4.2. Multi-Scale Integer Coding

At present, multi-scale integer coding has achieved good results in time and space. However, there were few studies on other multi-granularity dimensions. The concept of time-spectrum was proposed in reference [34], which put our focus on spectral information. We extended multi-scale integer coding to multi-scale dimension and took the band as an example to describe the application of multi-scale integer coding in a band in detail. We used the scale information contained in multiscale integer coding to design the correlation method between multiscale integer coding and band. The band was converted into a one-dimensional array by filling. The experiment showed that the association method proposed in this paper improved the efficiency of data retrieval compared with the traditional binary form.

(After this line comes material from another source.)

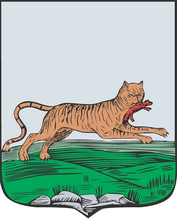 Герб Иркутска, принятый 26 октября 1790 года. «В серебряном поле бегущий тигр, а во рту у него соболь».

In the above research, we studied the multi-granularity metric in spatiotemporal data from the above two aspects. The results were generally good, but there were still some limitations, and there are still some problems to be discussed.

(1) This method was to solve the problem of incomplete query results based on time and other multi-scale dimensions. This requires that the query data cover as many areas as possible. Secondly, the method uses multi-scale integers to fill multi-scale dimensions. When the scale is one year, three months, one day, and five hours, this complex situation needs to be filled with many multi-scale integer codes, which would affect the efficiency of data retrieval.

(2) We analyzed the fuzziness of spatiotemporal data from the multi-scale dimension level, and provided a new perspective for the study of spatiotemporal data fuzziness. We obtained fuzzy data with hidden values from the data through the DGFQM, so as to better understand and analyze the change trend in various fields such as economy and culture. Next, we will further study the query results, analyze the potential information in the fuzzy data, and build the corresponding knowledge map.

(3) We applied multi-scale integer coding to the band, and discussed the applicability of multi-scale integer coding. It can be seen that multi-scale integer coding has certain advantages in terms of memory occupation and query efficiency. At present, multi-scale integer coding was applied to time, space, and band, respectively. Next, we will consider building the coding of a space-time, spatiotemporal spectrum based on multi-scale integer coding.